Si se introdujeran los bananos biotec resistentes a Fusarium, los activistas casi seguramente los atacarían como “OGM”. ¿Alguna de las grandes compañías bananeras tendría las agallas para seguir adelante con la tecnología a pesar de los inevitables ataques de marca por parte de las ONG? ¿Algún minorista de alimentos estaría dispuesto a resistir las inevitables presiones de no almacenar esa fruta? Esa estrategia de bloqueo al por menor se está utilizando hoy en día frente a otras ofertas nuevas de biotecnología, como manzanas y papas que no se oscurecen, y salmón criado en zonas terrestres de crecimiento rápido.

En un nivel, esta es una pregunta sobre lo que estará disponible para nosotros como consumidores. ¿Continuaremos teniendo esta opción de comida saludable altamente consumida, a un precio razonable, amigable para los niños? Tal vez no. Pero hay otra gran pregunta.
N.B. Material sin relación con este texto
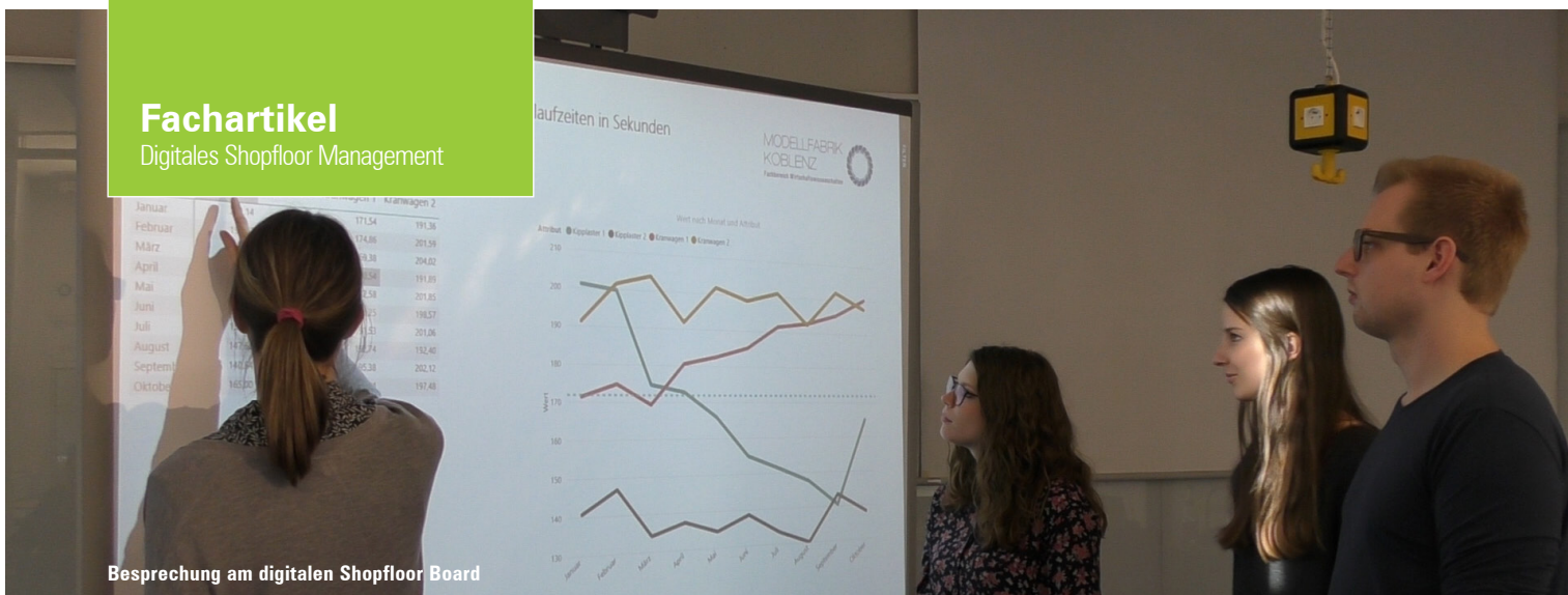
Besprechung am digitalen Shopfloor Board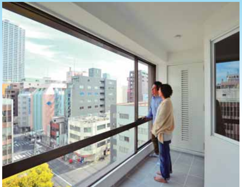
洗濯物が干せるようにと設けたサンルーム、窓の向こうには市内が一望できます、テーブルとイスをもってくればゆったりとカフェタイムも楽しめます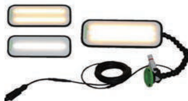
型番 580005 デント用 コンパクトLEDライト (高性能) 135×330mm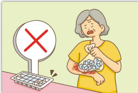
잘못된 응급 처치 방법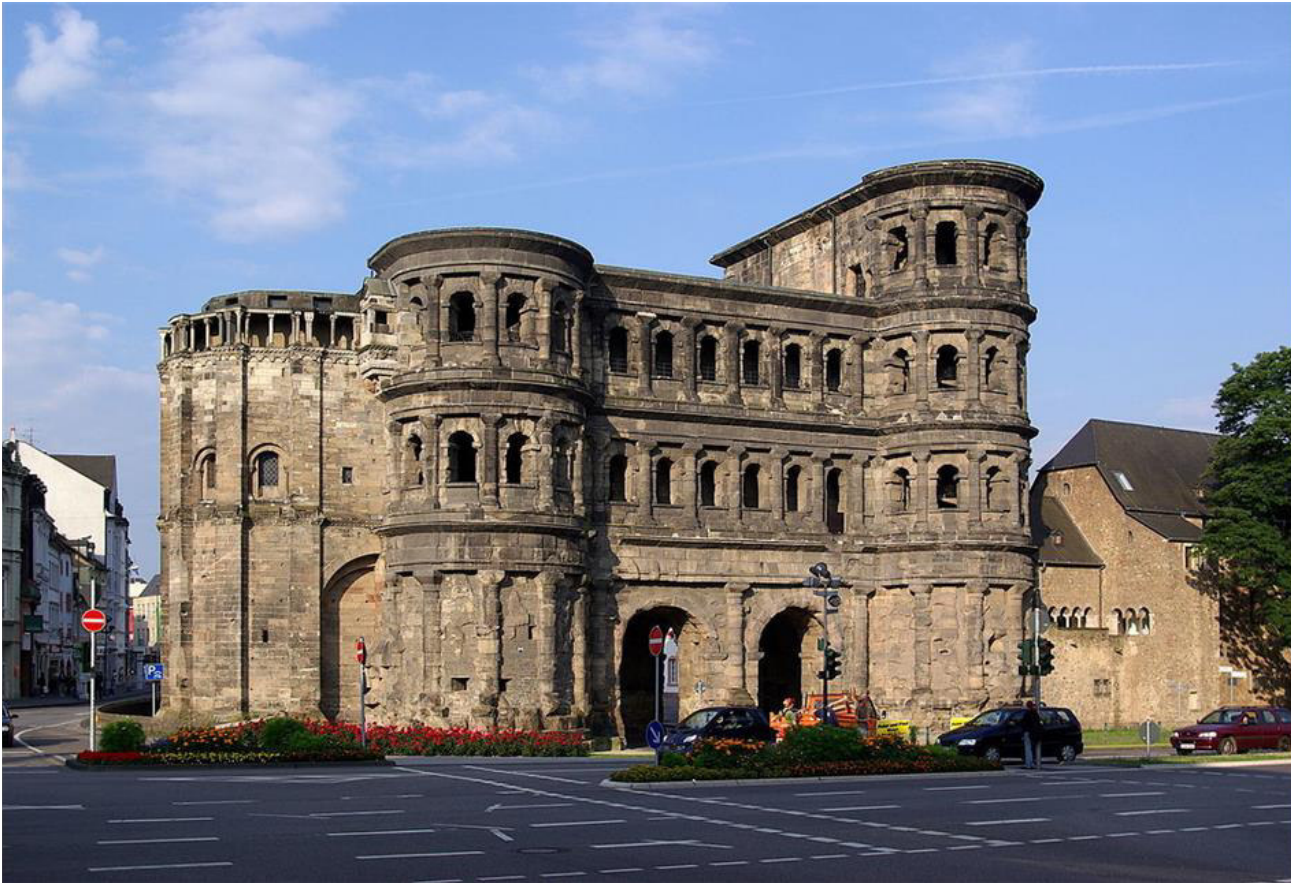
Die stadttäußere Feldseite des Trierer Römertors „Porta Nigra“. Links im Bild der spätere Choranbau, rechts ein Klostergebäude des Simeonstifts.

Richtung angelegte Hauptachse der römischen Stadt – von Süden kommend das Nordtor. Von dort ging es dann auf die Fernstraßen nach Mainz und Koblenz.

Una de las cosas que presencié en esas visitas a la industria bananera allá por los años 90 fue que las grandes comunidades en América Central y del Sur florecen debido a los trabajos que esta industria crea. Nosotros en el mundo rico aún tendremos muchas otras opciones de frutas si las tiendas no tienen bananas, pero esa flexibilidad no está ahí para las familias que han estado haciendo el trabajo para proporcionarnos esta opción de alimentos básicos durante tantas décadas. Creo que la mayoría de los activistas son del tipo de personas que se preocupan por la disponibilidad de opciones de fruta saludables y de bajo costo; Dudo que quieran ver empobrecidas a las comunidades productoras de banano. Sin embargo, si el paradigma actual de intimidación anti-OGM de las empresas y minoristas de fruta continúa, es hacia donde nos dirigimos.